Francis was a fat little boy. I liked to haul him around in my red wagon, then turn it quickly and tip him out. I got spanked for it when Mama caught me. One day the three of us climbed up on the scaffold in the barn. They hunted for us. Aunt Florence finally found us. She told Francis to come down. He climbed down the ladder and she spanked him. Then she told Esther to climb down. She did, and Aunt Florence spanked her. Then she said, “Velma, climb down here”. I said, “No, I won’t, you aren’t my boss”. She had to climb up the ladder and get me, haul me down screaming and kicking. Then I got my spanking.
We all went to the toilet, (called the out-house or back house by most people, but to my mother it was the toilet) together. We thought nothing of it. One day another Aunt came to visit, seeing us all run there together, and told our mothers that we were getting too old for that. They told us that Francis couldn’t go with us anymore. Our first lesson in sex. It started us to wonder why.
Shep used to come across the hill to see us. One day while he was there, Francis did something to him and Shep nipped him.
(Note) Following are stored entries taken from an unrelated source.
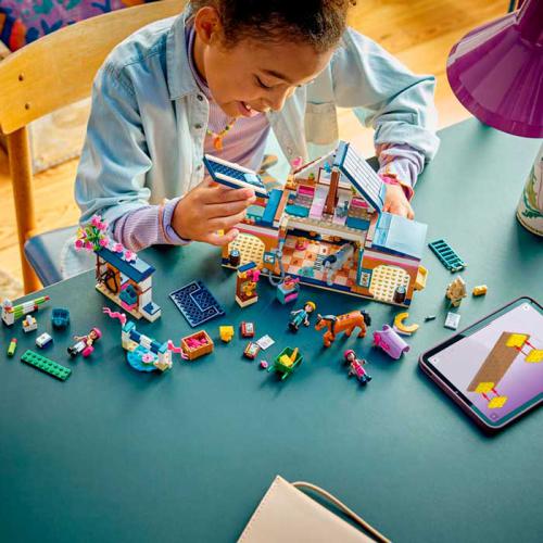 Desc. Técnica: O LEGO® Friends Estábulo e Academia de Equitação permite às crianças criar histórias com a Liann, a Aliya e a professora Cindy enquanto cuidam de cavalos. Inclui 2 cavalos, obstáculos para saltos, carrinho de feno e acessórios como sela, cenoura e troféus. As crianças podem alimentar, lavar e treinar os cavalos, além de usar as camas nos estábulos. Estimula a imaginação, o cuidado com animais e o jogo de faz de conta.
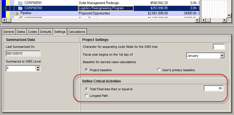 在这里,你选择Total Float小于或等于[value In hours]或使用最长路径。
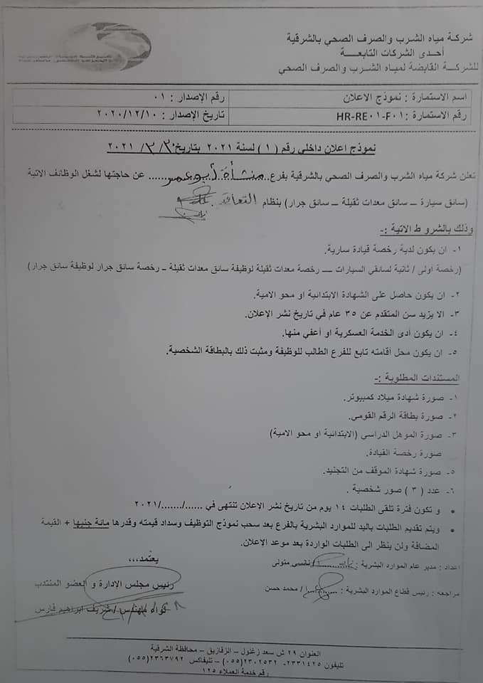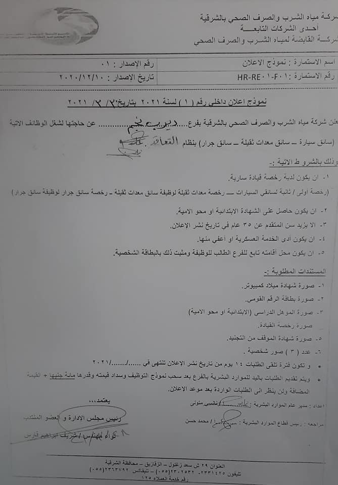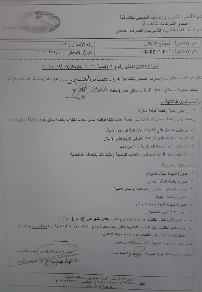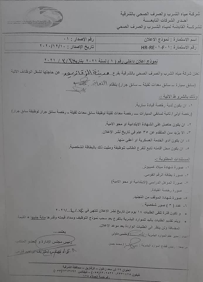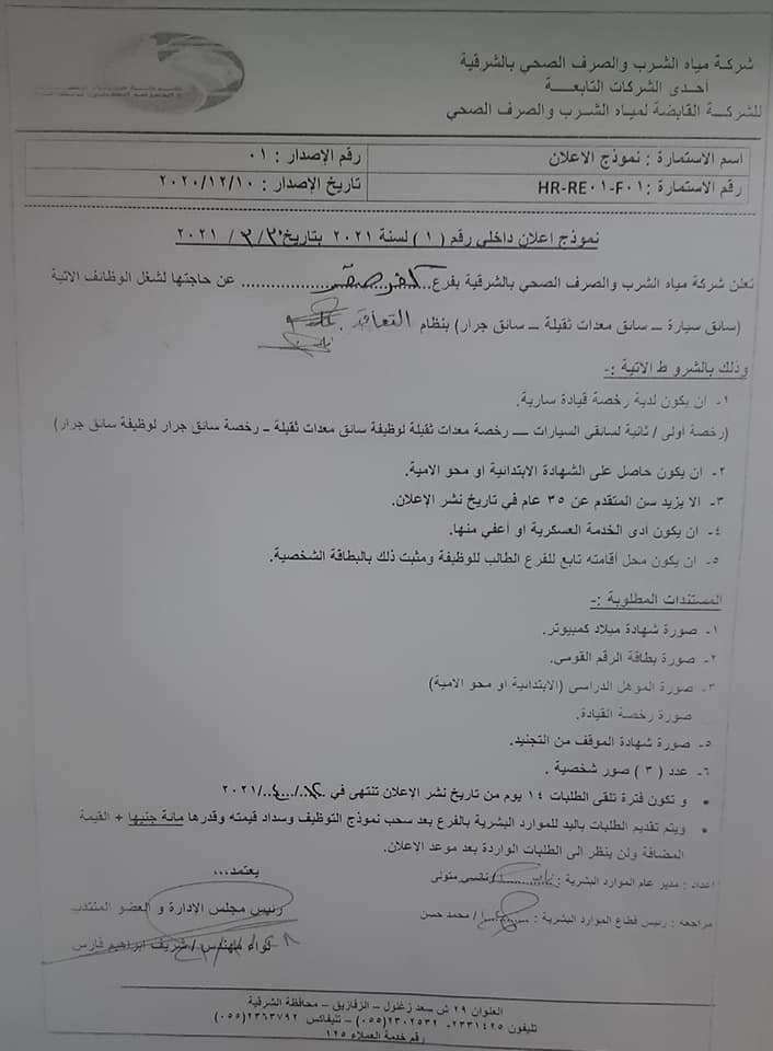 أعلنت شركة مياه الشرب والصرف الصحي بمحافظة الشرقية، برئاسة وإشراف المهندس شريف فارس، رئيس مجلس الإدارة والعضو المنتدب للشركة، عن حاجتها لعدد من الوظائف، جميعها لسائقين، وذلك بعدد من فروع الشركة بنطاق المحافظة.
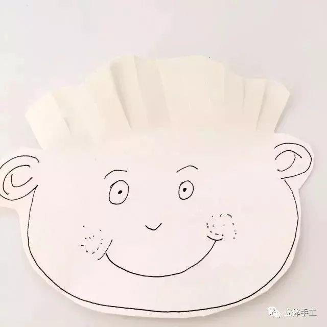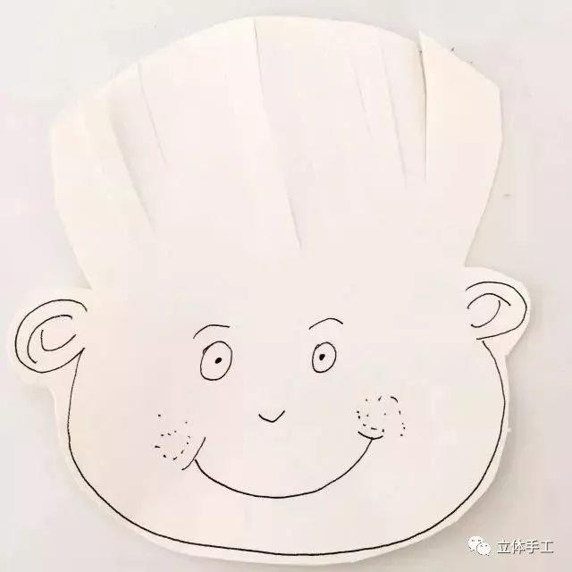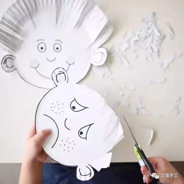 【制作步骤】在纸盘上画出人脸的轮廓,然后用剪刀剪出头发的形状。
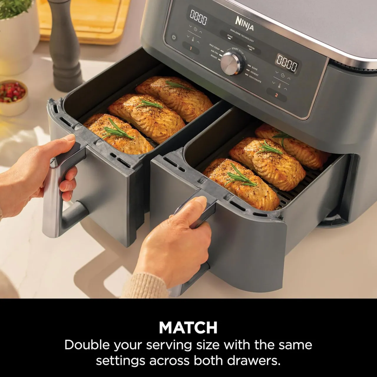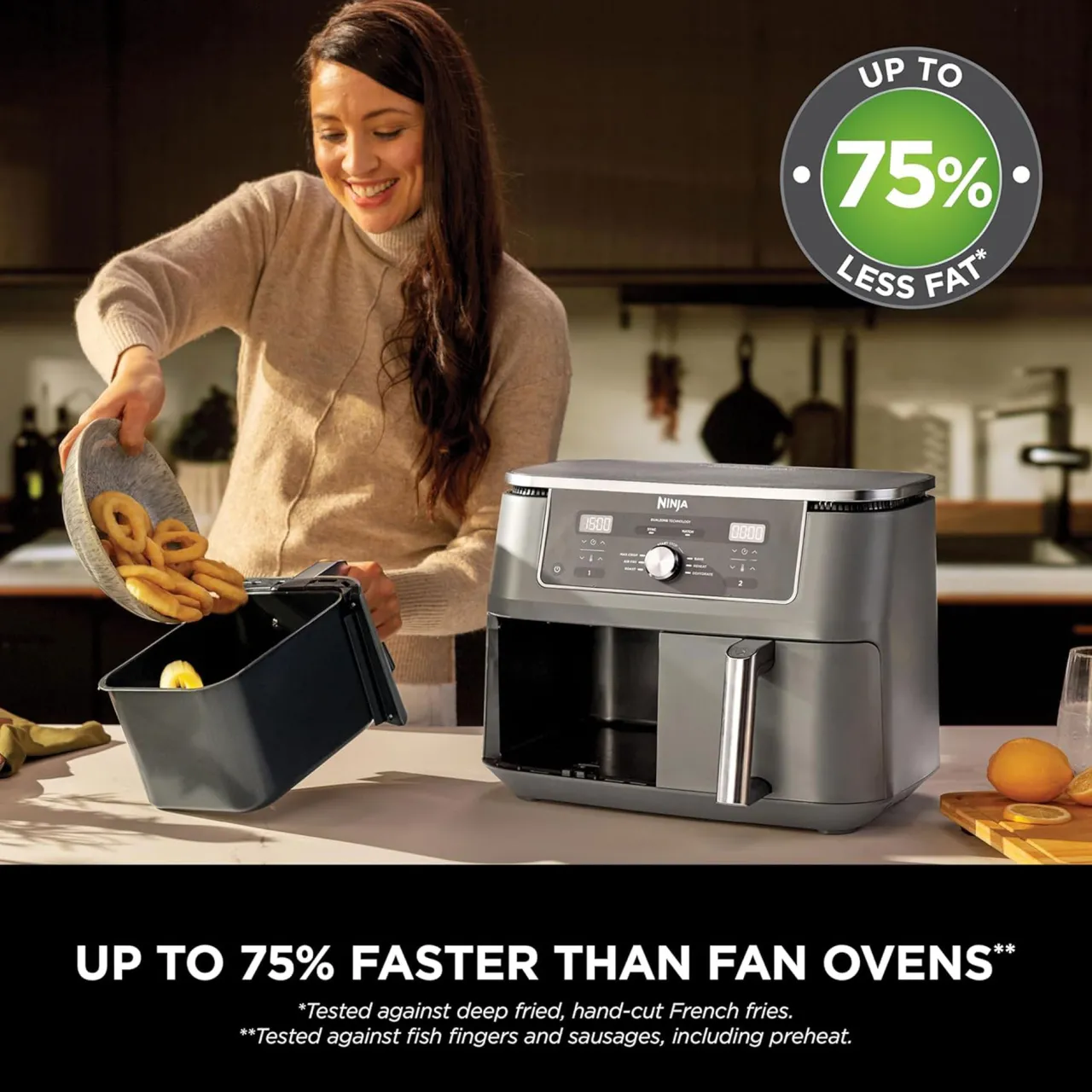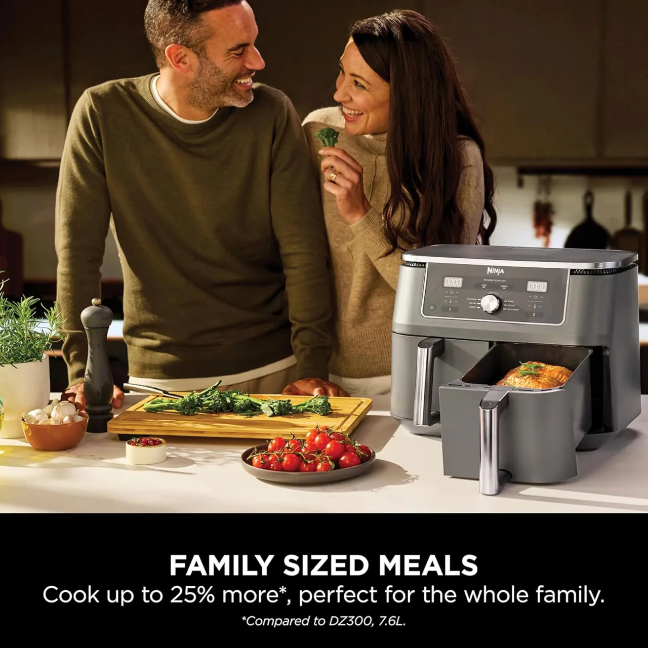 Dual Zone cooking just got abrand new look. Meet the large capacity air fryer that cooks 2 foods, 2 ways, and finishes at the same time – now with an updated design and sleek, dark grey metallic trim.

Uncle Richard grabbed Shep and started to beat him. Mama ran out to see what was going on, just in time to grab the big stick which I had raised to hit Uncle Richard over the head or back. Mama told him to let the dog go. He wouldn’t hurt the kid unless they had hurt him. Uncle Richard was “the boss” and everyone was supposed to jump, when he said so. But there was one that never jumped for him and that was Maude, my mother. I remember Esther and I going with Mama after the cows for the night milking. The bull came after us. She put Esther and I over the fence, then threw stones at the bull until he left.
After the fall work was finished, we moved to Cherry Flatts. We lived in the house next to Grandma and Grandpa Jones in an apartment. Grandma sent me to the store to buy her a broom. She told me not to bring it home unless it would stand alone. I made the store-keeper, Alf Richards, make a broom stand before I would take it to Grandma. In those days, there were no dish cloths to buy, so people used pieces of undershirts or other used clothing. It didn’t take long for them to get gray. No detergents, of course, just homemade soap which was harsh. I told Mrs. Brown that my Grandma’s dish cloth was white, not gray like hers. It didn’t seem to bother her, but I got a scolding from Mama.
This Christmas was the first one I really remember. We walked over to the Methodist Church (near where Bruce Smith lives now). I spoke a piece. I looked at the tree all the time for under it was a little doll carriage, which I wanted so badly. When they gave out the gifts I was given the doll carriage and two dolls. They had hair and one closed her eyes to sleep. I called her Virginia and the smaller one May. I wheeled that carriage home through the snow with the two dolls in it. I was very proud and happy. (I wonder how they got under that tree.)
We moved from Cherry Flatts to Scodac, about three miles from home. It was probably in March for Uncle Jay drove the team hitched to the bobsled. Mama and I rode along on the seat.